The Jets waived him after taking Geno Smith of West Virginia in the second round of the NFL draft last week. Actually, that simply provided a convenient alibi for John Idzik, the Jets' new general manager who must have listed "Nuclear Waste Custodian" on his Monster.com resume. It was clear last season when Greg McIlroy leap-frogged Tebow when Sanchez was benched.
Thus, the Jets placed Tebow on waivers, making him an unrestricted free agent.
So what now?
Who would dare volunteer for the circus that Tebow brings?
Jacksonville? On the surface, that might have some merit. The Jaguars are at least two or three years away from contending. Blaine Gabbert, another first-round bust, is not the answer. At least Tebow would rouse the interest of Gator fans in Jacksonville.
But in fact, that would be one of the worst fits. First of all, not all Jag fans are Florida fans. Many are Florida State fans.
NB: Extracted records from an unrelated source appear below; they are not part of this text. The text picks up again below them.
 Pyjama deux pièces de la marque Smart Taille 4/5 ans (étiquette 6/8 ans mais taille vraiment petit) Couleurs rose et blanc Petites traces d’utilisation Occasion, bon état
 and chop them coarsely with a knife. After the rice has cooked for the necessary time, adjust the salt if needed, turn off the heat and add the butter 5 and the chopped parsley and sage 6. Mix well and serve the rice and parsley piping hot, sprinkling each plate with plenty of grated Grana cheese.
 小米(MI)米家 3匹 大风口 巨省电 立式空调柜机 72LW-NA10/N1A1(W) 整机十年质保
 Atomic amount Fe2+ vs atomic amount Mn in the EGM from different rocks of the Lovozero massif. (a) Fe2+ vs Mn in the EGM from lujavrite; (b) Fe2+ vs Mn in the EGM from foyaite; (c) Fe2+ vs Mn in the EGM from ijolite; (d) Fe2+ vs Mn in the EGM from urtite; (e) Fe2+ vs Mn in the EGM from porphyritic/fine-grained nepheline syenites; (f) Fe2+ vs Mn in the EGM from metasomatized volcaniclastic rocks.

More important than selling tickets is the fact that the Jaguars are rebuilding. Playing a quarterback with limited abilities in an offense for which he's ill-suited would only impede their progress.
If there's a place for Tebow -- and that's an enormous "if" -- it would be somewhere that would employ the read-option offense, as Seattle, San Francisco and Washington did last year with Russell Wilson, Colin Kaepernick and Robert Griffin III. Whether the read-option will remain a viable offense or will be rendered obsolete after a full offseason of study by defensive coordinators is something not even NFL coaches are sure of yet. But it does seem like Tebow could be a serviceable backup in that offense. He could back up Cam Newton at Carolina, a bit of role reversal from their days together at Florida.
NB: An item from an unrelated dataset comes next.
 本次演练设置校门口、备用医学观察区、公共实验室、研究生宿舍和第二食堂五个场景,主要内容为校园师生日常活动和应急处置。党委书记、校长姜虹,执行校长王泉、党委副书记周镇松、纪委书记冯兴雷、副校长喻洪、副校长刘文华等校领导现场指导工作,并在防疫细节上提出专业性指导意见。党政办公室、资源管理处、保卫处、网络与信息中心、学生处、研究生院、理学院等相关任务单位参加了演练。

It's also undeniably clear that he's inadequate as a conventional drop-back passer. Yeah, it worked briefly in Denver two seasons ago. But that's because all the Broncos needed was someone who knew how to win, and Tebow knows winning the way Simon Cowell knows singing talent. They caught a depleted Pittsburgh team in the first round of the playoffs, and Tebow managed one more rabbit trick.
Tebow might even be better than some conventional back-ups right now. I couldn't even tell you Tony Romo's understudy in Dallas without the aid of Google. (How's this for coincidence? It's Kyle Orton,
the guy Tebow beat out in Denver.)
Romo and Tebow in Jerryville. Now there's a thought.
Seriously, Tebow could back up Carson Palmer in Arizona or Matt Flynn in Oakland or Ryan Tannehill in Miami or Jake Locker in Tennessee, and he'd be just another second-string quarterback.
He's a hard worker, fierce competitor, great teammate -- all the intangibles you could want.
Except for one thing.
Wherever Tebow goes, Tebowmania will follow.
And that's why Tebow is probably done as an NFL quarterback.